Awesome

Benchmark Self-Evolving: A Multi-Agent Framework for Dynamic LLM Evaluation

This repository hosts the codes of our benchmark self-evolving framework. It includes support for a range of datasets and models, allowing for dataset self-evolving and model testing through a simple command-line interface.

Getting Started

Prerequisites

Before running the project, ensure you have Python and pip installed on your system. You will need Python 3.x for this project.

Installation

Install Dependencies: To install the required libraries, navigate to the project's root directory and run:
```
pip install -r requirements.txt
```
Configure API Keys: Fill in your openai_api_key and zhipuai_api_key in the config.py file.
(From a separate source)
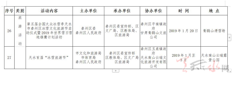 旅游活動類4項,包括秦州區(qū)第二屆“生態(tài)南山杯”萬人徒步健身登山活動,今日頭條“人文天水DOU起來”抖音挑戰(zhàn)賽,全國第五屆大眾冰雪季天水市秦州區(qū)冰雪文化旅游節(jié)啟動儀式暨2019年世界雪日雪地雄鷹計劃,天水首屆“冰雪旅游節(jié)”活動。

These keys are necessary for accessing certain models and APIs used in this project.
Prepare Data(Optional): Prepare the test.jsonl file under datasets/{dataset} directory for each dataset you intend to use. The file should contain original examples in the following format:
```
{
  "context": "Your context here",
  "question": "Your question here",
  "answer": "Your answer here"
}
```
Each example must include the keys: context, question, and answer. The project currently supports the following datasets: GSM8K, Clutrr, StrategyQA, BoolQ.

Running the Project

Generating Evolving Datasets (Optional)

To generate an evolving dataset, use the gen_dataset.py script. This step can be skipped if you wish to use pre-evolved datasets already provided in the datasets/{dataset} directory.

Command:

python gen_dataset.py --dataset <dataset_name> --mode <evolution_mode> --data_num <number_of_data> [--debug]

Parameters:

Parameter	Description
`--dataset`	Specifies the dataset to use: gsm8k, clutrr, strategyqa, boolq...
`--mode`	Specifies the evolution mode: paraphrase, addnoise, reversepolar, alternative, complex, retrieval, planning, knowledge
`--data_num`	Specifies the number of data points to generate
`--debug`	Enables debug mode, displaying intermediate outputs in the terminal

Example:

python gen_dataset.py --dataset gsm8k --mode paraphrase --data_num 100

This command generates an evolving dataset for the GSM8K dataset through context paraphrasing.

Testing Models

To test models with the datasets, use the test.py script.

Command:

python test.py --dataset <dataset_name> --mode <test_mode> --model <model_name> --data_num <number_of_data> [--local_url <url>] [--debug]

Parameters:

Parameter	Description
`--dataset`	Specifies the dataset to use: gsm8k, clutrr, strategyqa, boolq...
`--mode`	Specifies the test mode: origin, paraphrase, addnoise, reversepolar, alternative, complex, retrieval, planning, knowledge, all
`--model`	Specifies the model to test: gpt_4, chatgpt, chatglm_turbo...
`--local_url`	Specifies the URL of the local model
`--data_num`	Specifies the number of data points to test
`--debug`	Enables debug mode

Example:

python test.py --dataset gsm8k --mode paraphrase --model chatgpt

This command tests the ChatGPT model with the paraphrased version of the GSM8K dataset.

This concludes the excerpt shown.